Many critics agree. The Atlantic Monthly calls Old Money "the best nonfiction book about the American upper class written by one of its members since Henry Adams' Education." Blending autobiography and social history, Aldrich—who's related to the Rockefellers—discusses the special facts of life cushioned by money that is, by and large, "just there"—long separated from any nastiness involved in its acquisition. (Aldrich's great-grandfather, the first Nelson, a Rhode Island grocer, entered the Senate in 1881 worth $50,000 and left 30 years later worth $12 million, thanks to the kindness of grateful monopolists.) One such fact, familiar to any child ever to hunch down in the family limousine in an agony of shame and pride, is the humiliating public perception that "inheritors of old money are lightweights"—sissies, wimps, dilettantes and degenerates.
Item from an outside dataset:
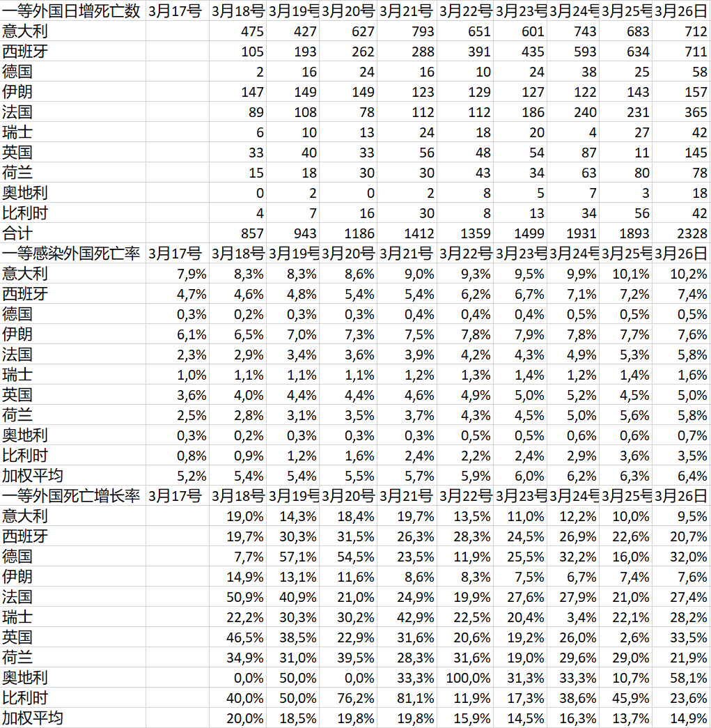 表列的10個歐洲一等疫情國(加美國去伊朗),除了意大利創的是第二高,瑞士有明顯下降外,其餘8個國家,今天都創的是新增最高紀錄!這就意味着,整個西歐,正處於全速上升的階段,一點都沒有減速的跡象。看那個增速%,也是五天來最高。按照現在的平均速度,五天以後,這些國家的整體確診數,就會加一倍從35萬漲到70萬!嚇不嚇人呀?到最前面那幾天的高增速,由於底數很小,是不能作數的。

To counter that, says Aldrich, old money sets its young a series of personal "ordeals": boarding school, the high seas, war.

Aldrich also explains why polo is the perfect old-money game. It's not just because the horses and equipment cost a fortune, but rather because the sport is almost impossible to master. "To play it well, one has to have always—past perfectly—played it," he says. "The entrepreneur cannot learn it without looking ridiculous. All he or she can do is buy the clothes associated with it." And so it goes for all efforts to reduce old money to a set of marketable products—as if there were, Aldrich writes, "nonchalance sold along with naturally-tailored suits, magnanimity arriving in the mail with every L.L. Bean catalog or a sense of fair play included in the warranty of each Volvo station wagon." Perhaps it's just as well these carefully inculcated old money attitudes cannot be readily retailed, since they often go hand in hand, Aldrich notes, with others, such as racial prejudice and stultifying habit.
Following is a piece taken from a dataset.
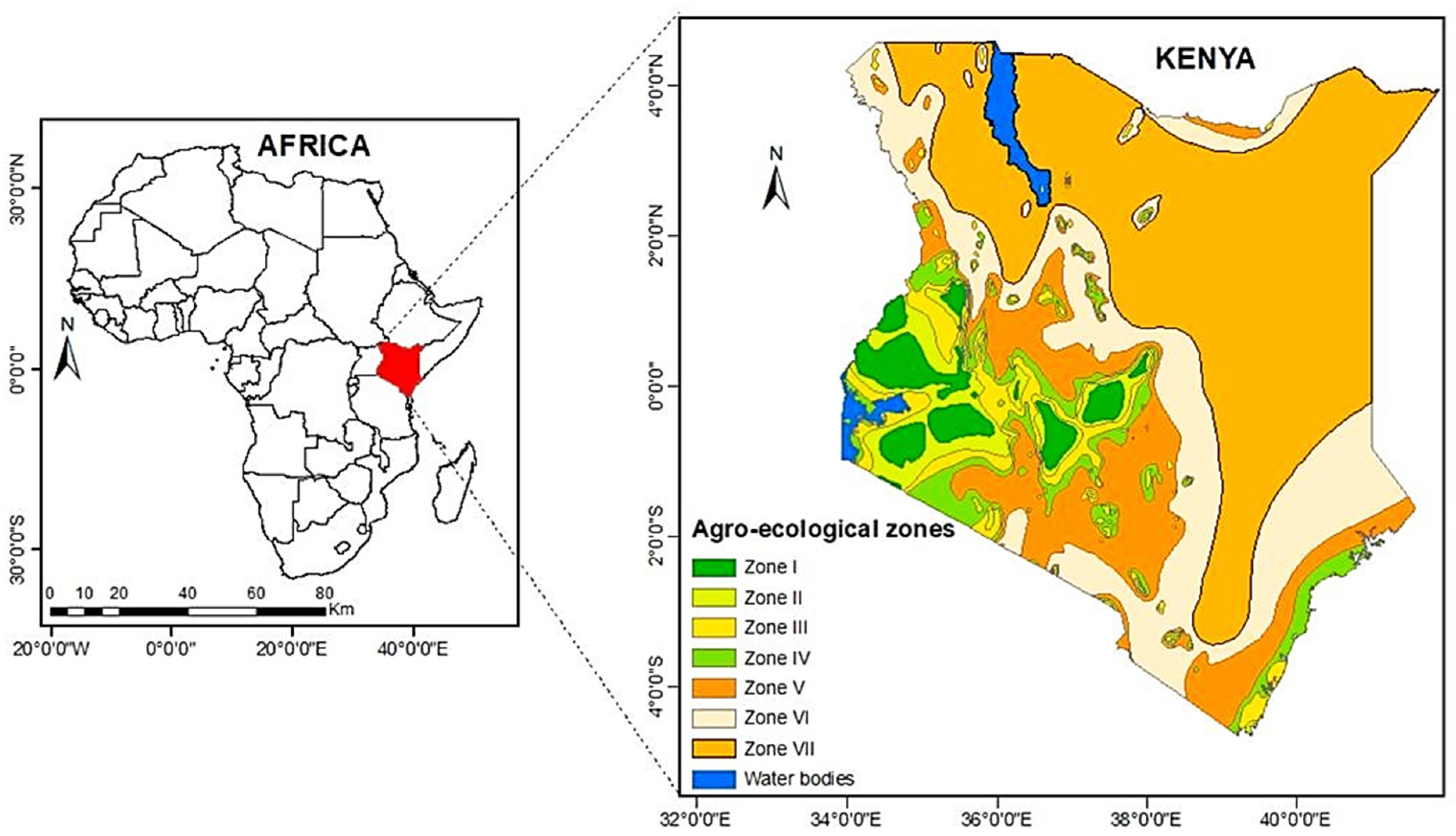 Kenya’s climatic variability is closely tied to its agro-ecological zones, which range from the humid highlands with annual rainfall above 1200 mm to the dry lowlands and arid northern plains that often receive less than 400 mm. The agro-ecological zones vary by rainfall and agricultural potential. Zone I is humid with high rainfall and excellent farming conditions. Zone II is sub-humid, receiving moderate rainfall and supporting medium to high agricultural productivity. Zone III is semi-arid with low to moderate rainfall and limited farming potential. Zone IV is arid, characterized by low rainfall. Zone V is very arid with minimal agricultural viability. Zone VII is transitional, lying between arid and desert climates [

Yet Aldrich neither condemns nor defends his class. Indeed, his cousin Dr. Graham Blaine charges Aldrich with "hedging his bets...wanting to be both an on insider and an outsider." In a sense, though, Aldrich was always that—the poor boy at the ball. And since he has already suffered some of the pitfalls of having been born into money, he wouldn't mind having a bit. "It's nice to be famous," says Aldrich with a laugh, delighted with the critical reception to his book. "But how do I get rich?"